Vale, era joven, adolescente virgen, sin proyecto de futuro ni de presente, tenía miedo de todo, fumaba a escondidas y me hacía pajas furiosas. También era feliz. Muy triste y desgraciado, por supuesto, roto, sin saber cómo ni desde cuándo ni por qué o si quiera en qué exactamente, pero definitivamente roto; y feliz.


Por fortuna me marché de allí.


Y una tarde de invierno, de esas en las que ves con claridad que las farolas se están encendiendo demasiado temprano porque el sol se ha ido demasiado rápido y eso es el invierno y, coño, hace frío, bajando la calle de camino a un mandado, sin venir a cuento de nada me dije, pero qué puñeta importará si césped o hierba. ¿Qué haces, Javier? Me dije, ¿qué haces? ¿A qué tanto rollo con la hierba y el césped?


¿Qué significa todo esto?


-Sí, Javier, ¿de qué estás hablando?

-Sí, eso, ¿no será otra de tus famosas turras al pedo?

-¡Callad, cerdos! (chasquea el látigo y los fustiga) ¿O no es acaso esta mi película? ¡Buscad pues la trama en los basureros de otro, zorras pacatas! (ruge al fondo el parque con un fuerte olor a metal y lluvia, a queroseno).

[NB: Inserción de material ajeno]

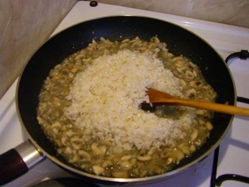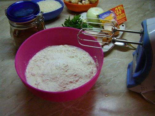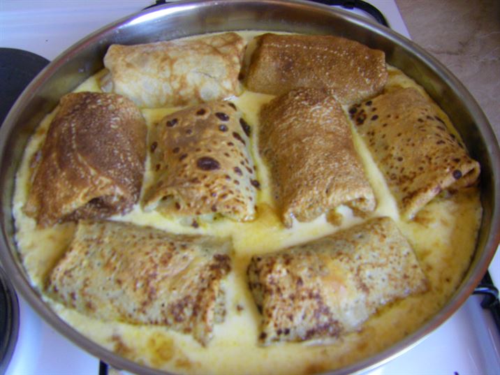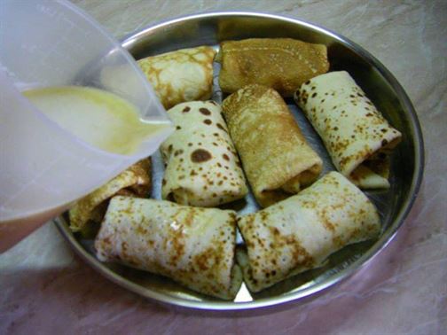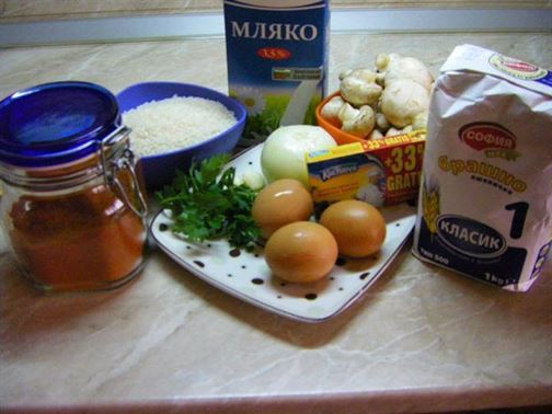 ЗА ПАЛАЧИНКИТЕ: 3 ЯЙЦА,1 1/2 Ч.ЧАША ПРЯСНО МЛЯКО,1 ЩИПКА СОДА БИКАРБОНАТ,200 ГР.БРАШНО, ЗА ПЪЛНЕЖА: 1/2 Ч.ЧАША ОЛИО,250-300 ГР.ГЪБИ,1-2 ГЛАВИ ЛУК,2 СКИЛИДКИ ЧЕСЪН,1 Ч.ЧАША ОРИЗ,СОЛ НА ВКУС, 1 Ч.ЛЪЖ.ЧЕРВЕН ПИПЕР,1/2 ВРЪЗКА КОПЪР(МОЖЕ И ПО МАЛКО),1/2 МАГДАНОЗ,1 КУБЧЕ ГЪБЕН БУЛЪОН (РАЗТВОРЕН В 250 МЛ ТОПЛА ВОДА),1 СУП.ЛЪЖ.МАСЛО. ЗА ЗАЛИВКАТА:2 ЯЙЦА,1 Ч.ЧАША ПРЯСНО МЛЯКО

La verdad es que del poema no me acuerdo y solamente creo que al final me decidí por el sustantivo “hierba”. Y digo sustantivo porque fue en aquella calle y a esa hora crepuscular y fría de camino a un mandado, que me di cuenta por segunda vez en mi vida de que toda aquella lucha era con las palabras, no con las cosas, y que por lo tanto el combate se jugaba en otro terreno y con otras reglas, muy extrañas, muy diferentes incluso de la misma definición de “regla”.


No supuso alivio alguno, en todo caso, aquella resolución. No fue un descubrimiento ni la forja de un plan. No hubo revelación , no hubo victoria, no hubo ni nadie ni na, tan solo una ligera voluntad, igual que la corriente de aire que se filtra por la ventana mal cerrada.


Por lo demás, el parque sigue ahí, como una corriente de aire también o cualquier otra cosa en la vida, el silbido de esa corriente, un silbido casi secreto, como el de las palabras que nos importan, bueno, cualquier otra cosa, nada más que eso, sí, la vida.


“En el camino que sube de la fuente, una madre se ha detenido de golpe sin que hubiera pasado nada. Se ha llevado la mano a la boca, se ha dado la vuelta y ha desaparecido corriendo camino abajo y luego entre los arbustos, dejando atrás el cochecito de bebé y a una niña rubita que, al encontrarse sola, comenzó a entretenerse con las hormigas de la linde, las empujaba con el dedo, intentaba llevárselas a la boca”.